§ **Exercise requirements**: Please output every entry below exactly as written, leaving out any pictures.

-- Stored data follows --

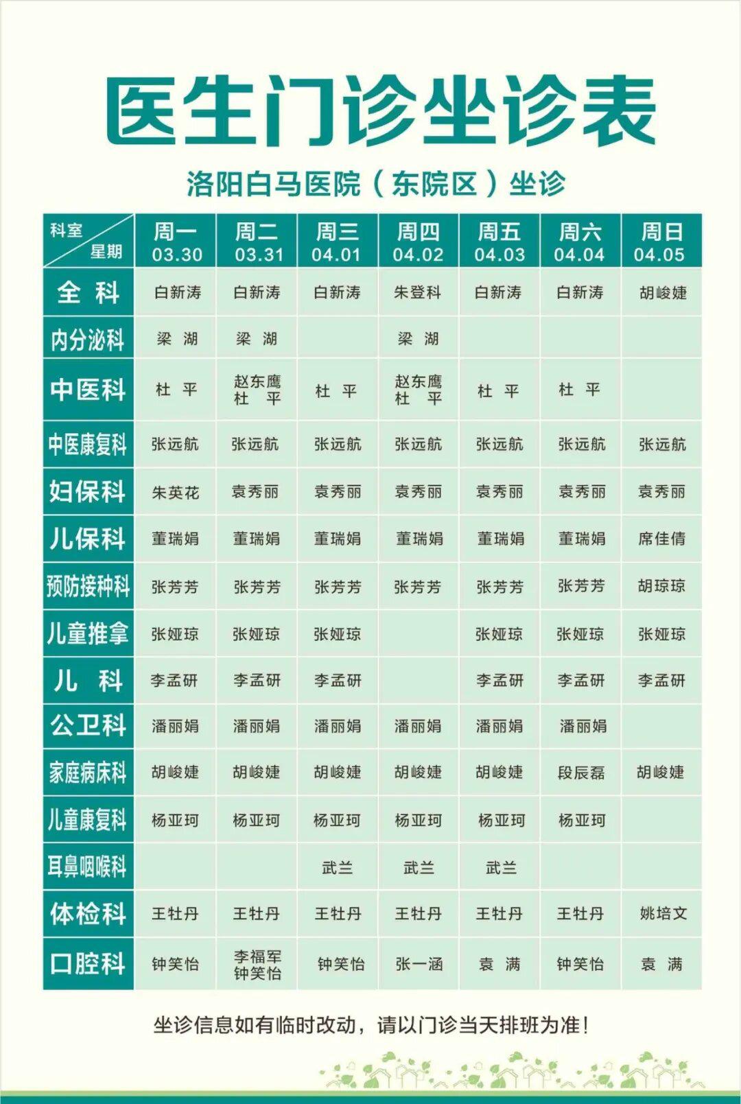 3.30-4.5】洛阳白马医院医生门诊排班表
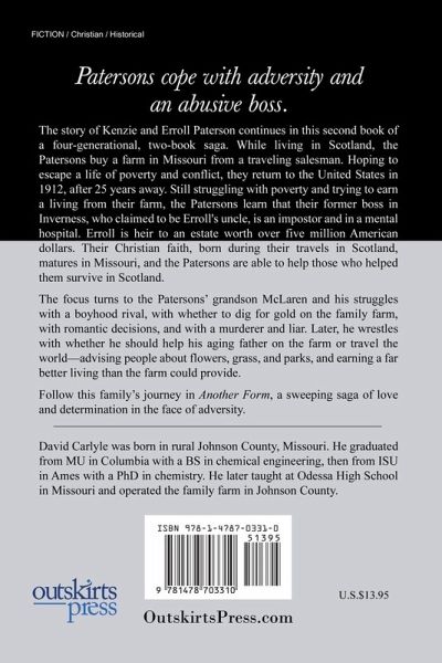 Patersons cope with adversity and an abusive boss. The story of Kenzie and Erroll Paterson continues in this second book of a four-generational, two-book saga. While living in Scotland, the Patersons buy a farm in Missouri from a traveling salesman. Hoping to escape a life of poverty and conflict, they return to the United States in 1912, after 25 years away. Still struggling with poverty and trying to earn a living from their farm, the Patersons learn that their former boss in Inverness, who claimed to be Erroll's uncle, is an impostor and in a mental hospital. Erroll is heir to an estate worth over five million American dollars. Their Christian faith, born during their travels in Scotland, matures in Missouri, and the Patersons are able to help those who helped them survive in Scotland. The focus turns to the Patersons' grandson McLaren and his struggles with a boyhood rival, with whether to dig for gold on the family farm, with romantic decisions, and with a murderer and liar. Later, he wrestles with whether he should help his aging father on the farm or travel the world-advising people about flowers, grass, and parks, and earning a far better living than the farm could provide. Follow this family's journey in Another Form, a sweeping saga of love and determination in the face of adversity.
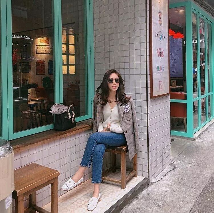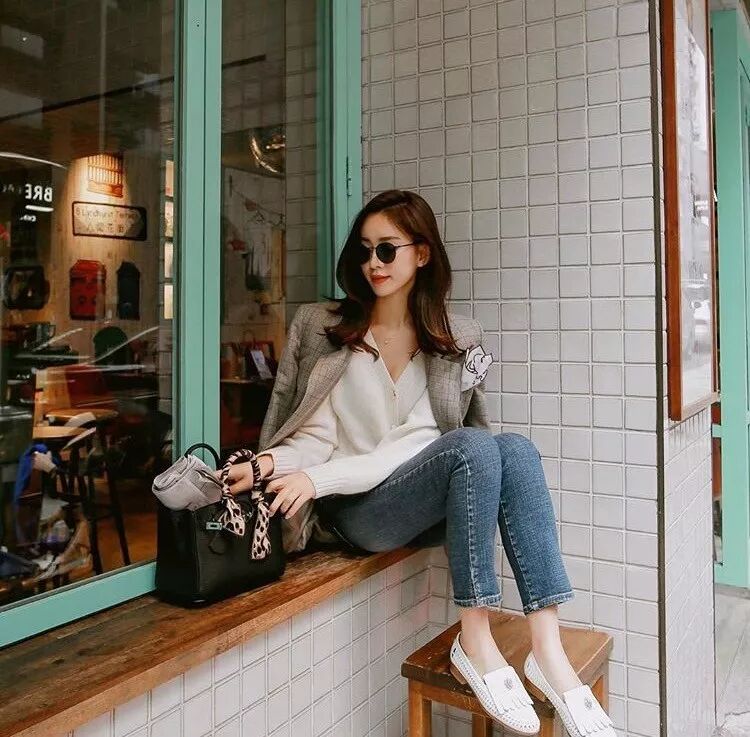 韩国的博主们也是喜欢搭配长裤的穿法。基本上都是内搭白色款,下身是牛仔裤。
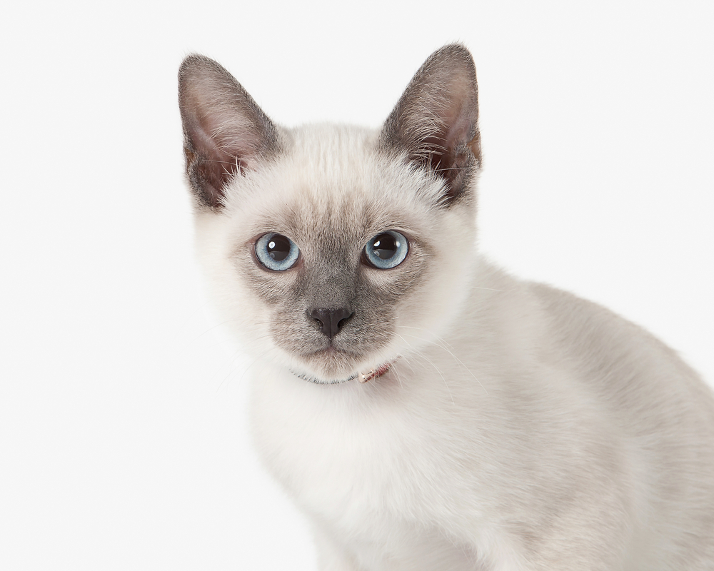 Характерная окраска – сил-пойнт: нежно-палевый фон с коричневыми пятнами на мордочке в виде маски, ушках, подушечках лап и кончике хвоста – как будто маленькая шкодница, решив полакомиться молочным шоколадом, забралась в чан с лакомством, вволю налакалась, да вот отмыться так и не смогла.
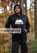 Taka Klasyczna Bluza w czarnym kolorze z kapturem to idealny pomysł na prezent dla miłośnika górskich wycieczek - trekingu- spacerów po lesie - leśnikówDo Tej wygodnej bluzy męskiej z kapturem - dołączamy Tshirt
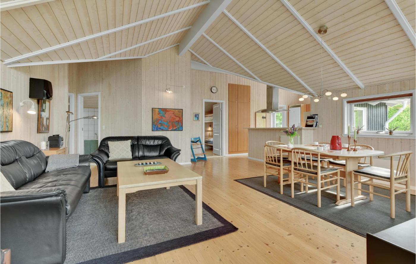 Three-Bedroom Holiday Home. This holiday home features a hot tub, sauna and fireplace. Boasting a private entrance, this air-conditioned holiday home features 1 living room, 3 separate bedrooms and 1 bathroom with a shower and a hairdryer. Guests will find a stovetop, a refrigerator, a dishwasher and kitchenware in the fully equipped kitchen. The holiday home also comes with a barbecue. Featuring a terrace, this holiday home also features a washing machine, a tea and coffee maker and a TV with cable channels. The unit has 4 beds.
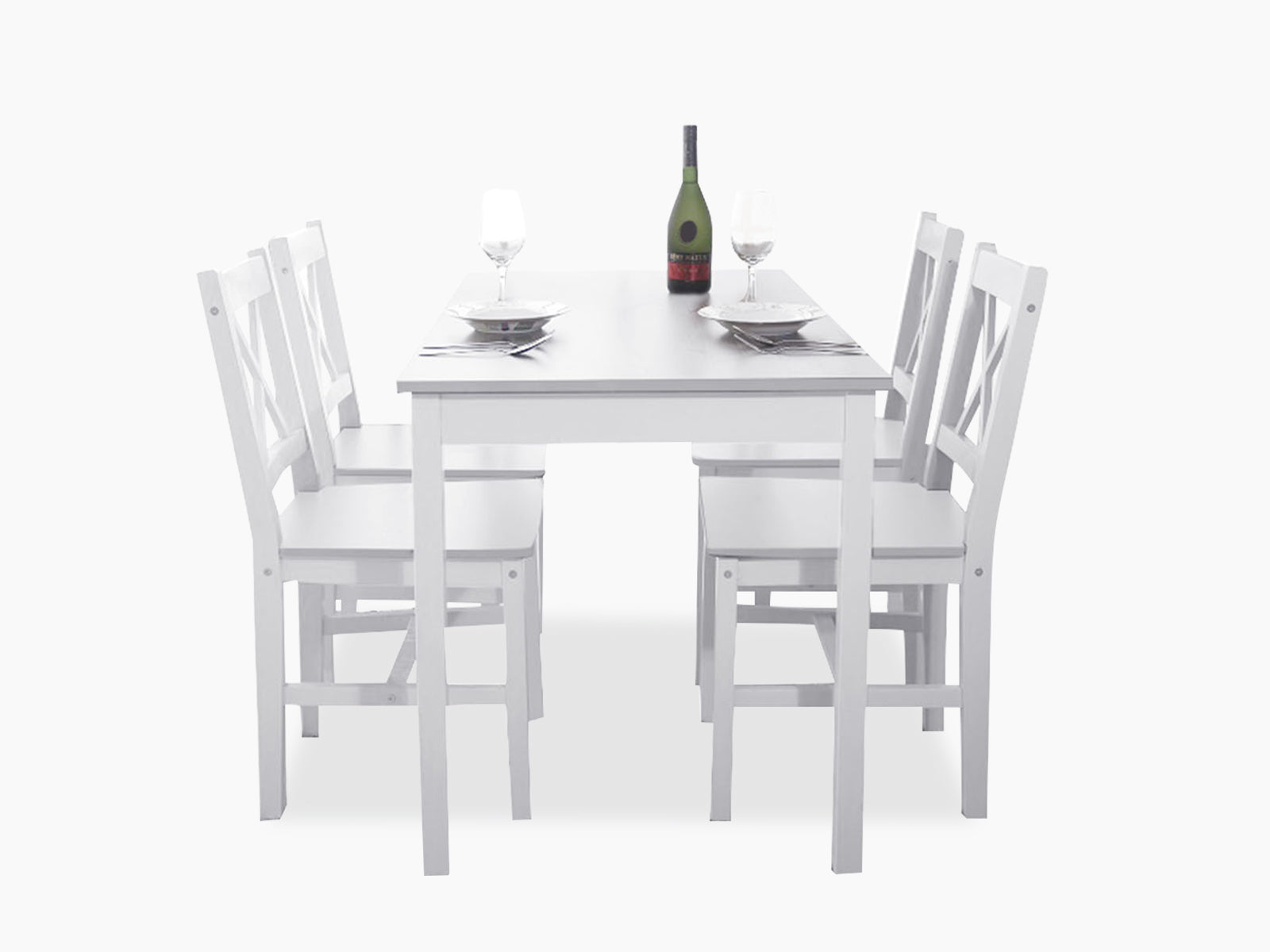 The Ajax 5PC Dining Set is the perfect choice for compact dining spaces. Crafted from solid pine wood, it features a sturdy rectangular table in a stylish white finish. The design of the table legs offers plenty of legroom, making it practical and comfortable. Accompanied by four matching dining chairs. This set blends classic charm with everyday function. Easy to clean and simple to assemble, the Ajax Dining Set adds warmth and elegance to your kitchen or dining room.

-- Stored data concluded --

§ **Written response**:
 3.30-4.5】洛阳白马医院医生门诊排班表
 Patersons cope with adversity and an abusive boss. The story of Kenzie and Erroll Paterson continues in this second book of a four-generational, two-book saga. While living in Scotland, the Patersons buy a farm in Missouri from a traveling salesman. Hoping to escape a life of poverty and conflict, they return to the United States in 1912, after 25 years away. Still struggling with poverty and trying to earn a living from their farm, the Patersons learn that their former boss in Inverness, who claimed to be Erroll's uncle, is an impostor and in a mental hospital. Erroll is heir to an estate worth over five million American dollars. Their Christian faith, born during their travels in Scotland, matures in Missouri, and the Patersons are able to help those who helped them survive in Scotland. The focus turns to the Patersons' grandson McLaren and his struggles with a boyhood rival, with whether to dig for gold on the family farm, with romantic decisions, and with a murderer and liar. Later, he wrestles with whether he should help his aging father on the farm or travel the world-advising people about flowers, grass, and parks, and earning a far better living than the farm could provide. Follow this family's journey in Another Form, a sweeping saga of love and determination in the face of adversity.
 韩国的博主们也是喜欢搭配长裤的穿法。基本上都是内搭白色款,下身是牛仔裤。
 Характерная окраска – сил-пойнт: нежно-палевый фон с коричневыми пятнами на мордочке в виде маски, ушках, подушечках лап и кончике хвоста – как будто маленькая шкодница, решив полакомиться молочным шоколадом, забралась в чан с лакомством, вволю налакалась, да вот отмыться так и не смогла.
 Taka Klasyczna Bluza w czarnym kolorze z kapturem to idealny pomysł na prezent dla miłośnika górskich wycieczek - trekingu- spacerów po lesie - leśnikówDo Tej wygodnej bluzy męskiej z kapturem - dołączamy Tshirt
 Three-Bedroom Holiday Home. This holiday home features a hot tub, sauna and fireplace. Boasting a private entrance, this air-conditioned holiday home features 1 living room, 3 separate bedrooms and 1 bathroom with a shower and a hairdryer. Guests will find a stovetop, a refrigerator, a dishwasher and kitchenware in the fully equipped kitchen. The holiday home also comes with a barbecue. Featuring a terrace, this holiday home also features a washing machine, a tea and coffee maker and a TV with cable channels. The unit has 4 beds.
 The Ajax 5PC Dining Set is the perfect choice for compact dining spaces. Crafted from solid pine wood, it features a sturdy rectangular table in a stylish white finish. The design of the table legs offers plenty of legroom, making it practical and comfortable. Accompanied by four matching dining chairs. This set blends classic charm with everyday function. Easy to clean and simple to assemble, the Ajax Dining Set adds warmth and elegance to your kitchen or dining room.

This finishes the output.